Cenovus is one of many operators in the Athabasca oil sands utilizing SAGD. The technique has had a dramatic impact on Canada’s oil reserves by enabling the production of oil sands that were formerly too expensive to produce. One might say that Canada is experiencing a “SAGD revolution” analogous to the fracking revolution in the US.
Cenovus is a bit different from CNR in that it doesn’t upgrade the bitumen produced on site. It is typically transported to a refinery and refined into finished products like diesel, gasoline, and jet fuel. Since bitumen is a solid at room temperature, it has to be diluted or kept warm to transport. Transportation can be done via a heated rail car, but mostly the bitumen is mixed with a diluent so it flows freely, and then transported by pipeline or rail.
Cenovus has an interest in two heavy oil refineries through a partnership with Phillips 66 (NYSE: PSX), which enables it to upgrade the oil to finished products. In return for the 50 percent ownership in the refineries – Wood River, located in Illinois, and Borger, located in Texas — ConocoPhillips was granted a 50 percent stake in the Cenovus projects at Christina Lake (the site I visited) and Foster Creek.
Cenovus has been one of the most innovative companies in the heavy oil space. Technological innovations such as injecting butane along with steam and its Wedge Well™ technology, which accesses additional bitumen by adding a single horizontal well between the two SAGD wells, have driven down costs while consuming less energy and increasing resource recovery to a range of 60 to 70 percent.
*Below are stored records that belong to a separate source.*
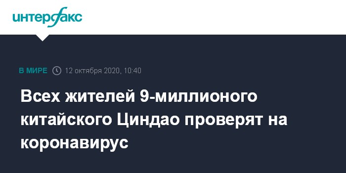Москва. 12 октября. INTERFAX.RU - Власти китайского города Циндао после обнаружения трех бессимптомных случаев заражения коронавирусом планируют протестировать на COVID-19 весь город, в котором живет более девяти миллионов человек.
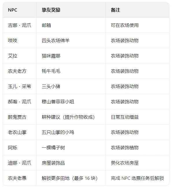 每个NPC达到(dao)挚友后会有特(te)殊报偿如下
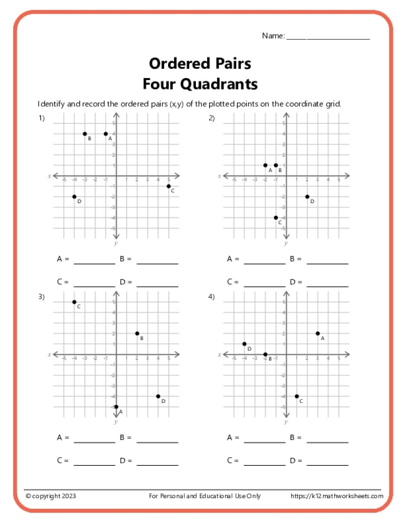 A worksheet on ordered pairs can help students practice plotting points on a graph, identifying coordinates, and understanding how to read and interpret ordered pairs. These worksheets typically include a variety of exercises that range from basic to more complex, allowing students to gradually build their skills and confidence in working with ordered pairs.
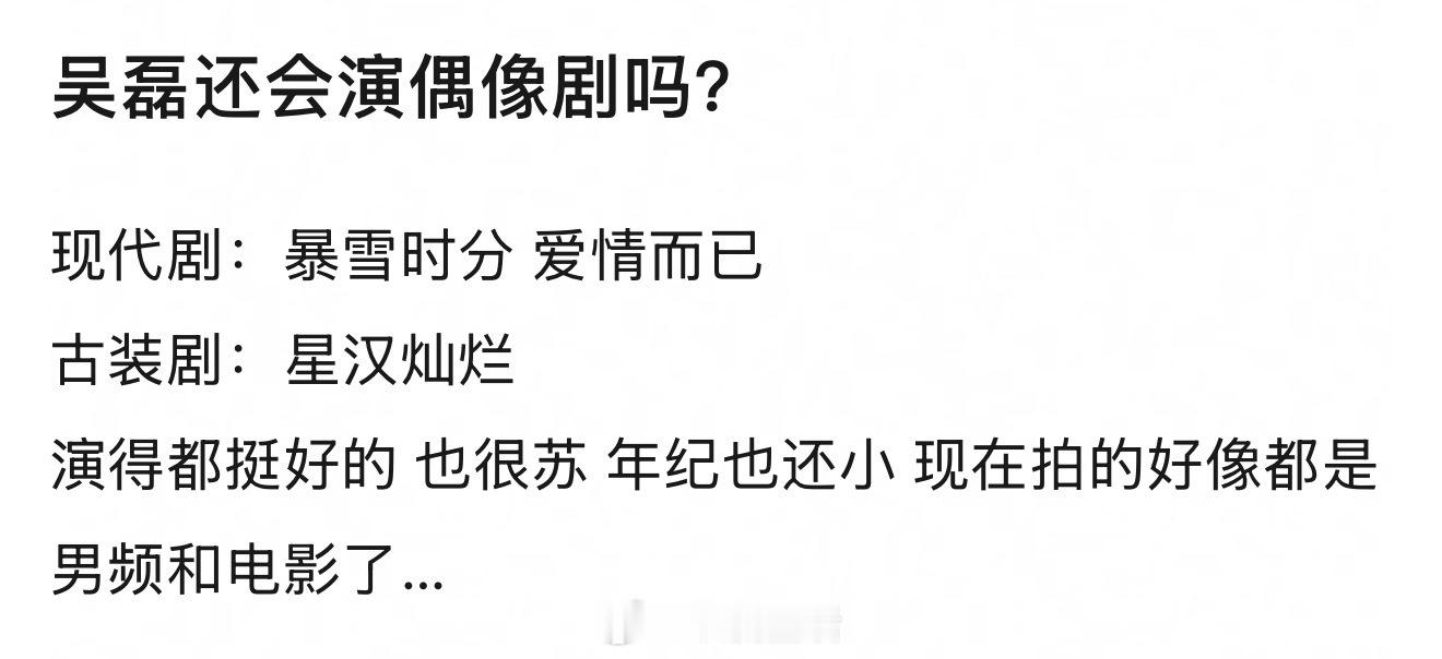 其实我觉得找吴磊的偶像剧本子一定不少,只是现阶段他不想接。还是想演一些不一样题材,类型的作品开拓新的可能性。
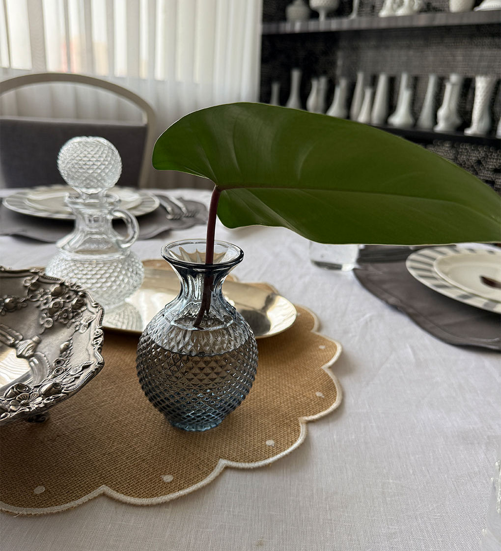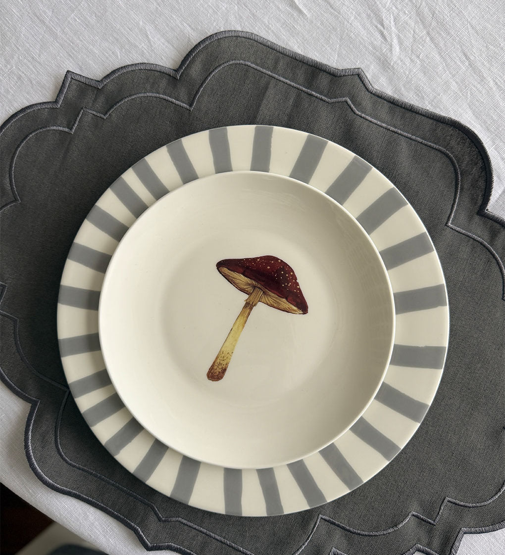 Set de Manteleria con Individuales Hannah en Algodon Gris Oxford con Bordado Gris y Servilletas Jimmy en Lino Bordado en Gris Oxford
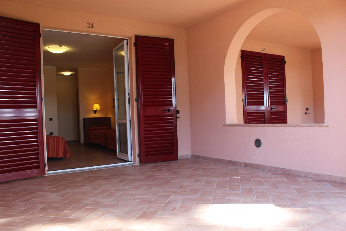 Le camere dell'Hotel Palace "Corte dei Tusci" sono spaziose e ben equipaggiate, con servizi privati dotati di doccia e asciugacapelli, aria condizionata, telefono, TV, minifrigo, cassaforte e patio o terrazzo. Le camere si suddividono in: standard, affacciate sulla pineta, lato mare/piscina, e superior, situate al secondo piano con vista mare, più ampie e con terrazzo attrezzato. Inoltre, sono disponibili camere per disabili su richiesta. Eventuali 3° e 4° letti sono letti piani veri.Amici a 4 Zampe
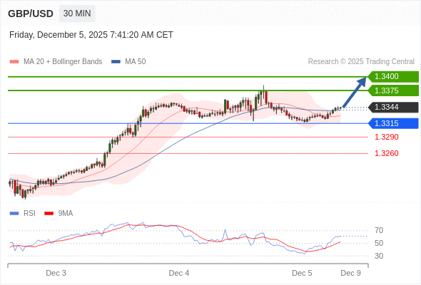 在 1.3315 之上,看涨,目标价位为 1.3375 ,然后为 1.3400 。
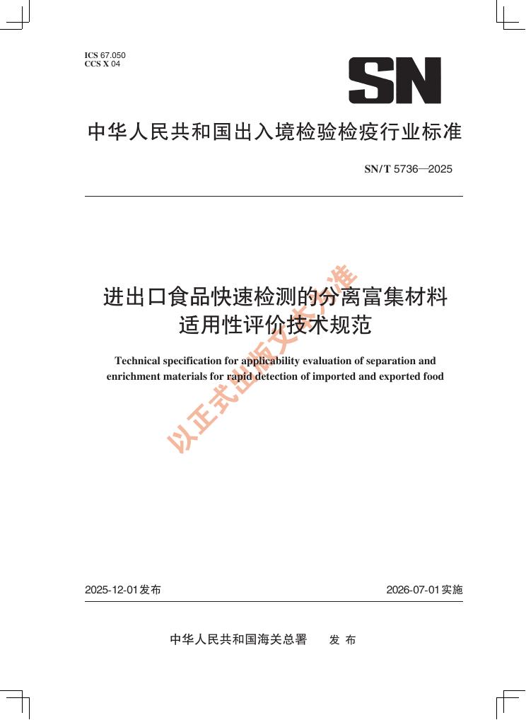 SN/T 5736-2025 进出口食品快速检测的分离富集材料适用性评价技术规范
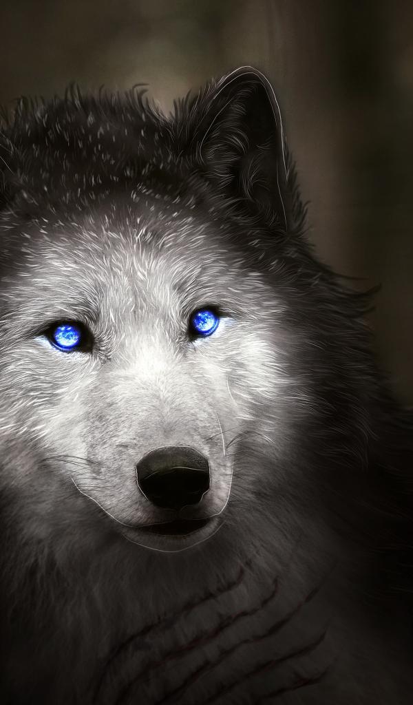 Wallpaper Big fantastic neon wolf in the sky, fantasy
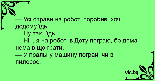 — Ні-і, я на роботі в Доту пограю, бо дома нема в що грати.
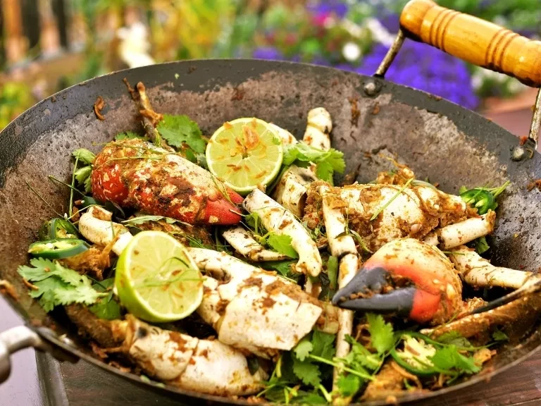 For this curry just use the legs and claws, as they are massive. Keeping the heads for a salad or risotto. Any crustaceans can be used instead of the king and snow crab. Mud crabs would be ideal. To make eating easier and to impart the flavour, crack all the legs and claws without breaking them apart.
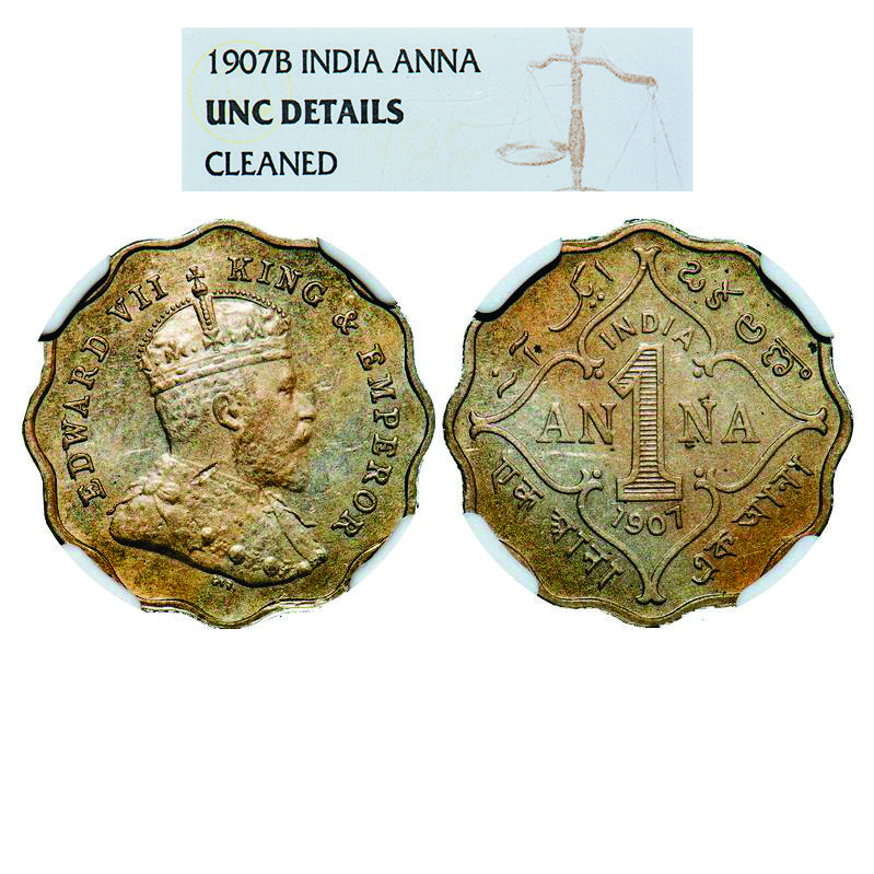 Edward VII, Copper-Nickel, 1 Anna, 1907, Bombay Mint, 'B' incused. GK 990. NGC Slabbed UNC Details. Scarce.

In 2012, Cenovus averaged 165,000 bpd of oil and natural gas liquids, a 23 percent increase over 2011. The company’s strategic plan aims to increase net crude oil production to 500,000 bpd by the end of 2021. Natural gas production fell by 9 percent to 594 million cubic feet per day as the company focused more on liquids production. Total proved reserves of oil, natural gas, and NGLs increased 12 percent to 2.2 billion barrels.
Cenovus has a market capitalization of $21.7 billion and an enterprise value of $27.5 billion. The EV/EBITDA is 6.8. The company has a debt to equity ratio of 63.4 percent, a profit margin of 3.4 percent, and a return on equity of 6 percent. (Financial results have been dragged down this year by weak refining conditions.) The current dividend yield is 3.2 percent.
Neither Cenovus nor CNR has particularly pleased investors of late, and we’re not rushing to add either stock to a portfolio since operating margins and the growth rates trail those of the top US shale drillers we recommend. But as the cost of these Canadian barrels comes down and the shipping infrastructure improves, that may change. But it’s already clear is that Canadian oil sands will have to be reckoned with in the global market for crude and in the financial arena.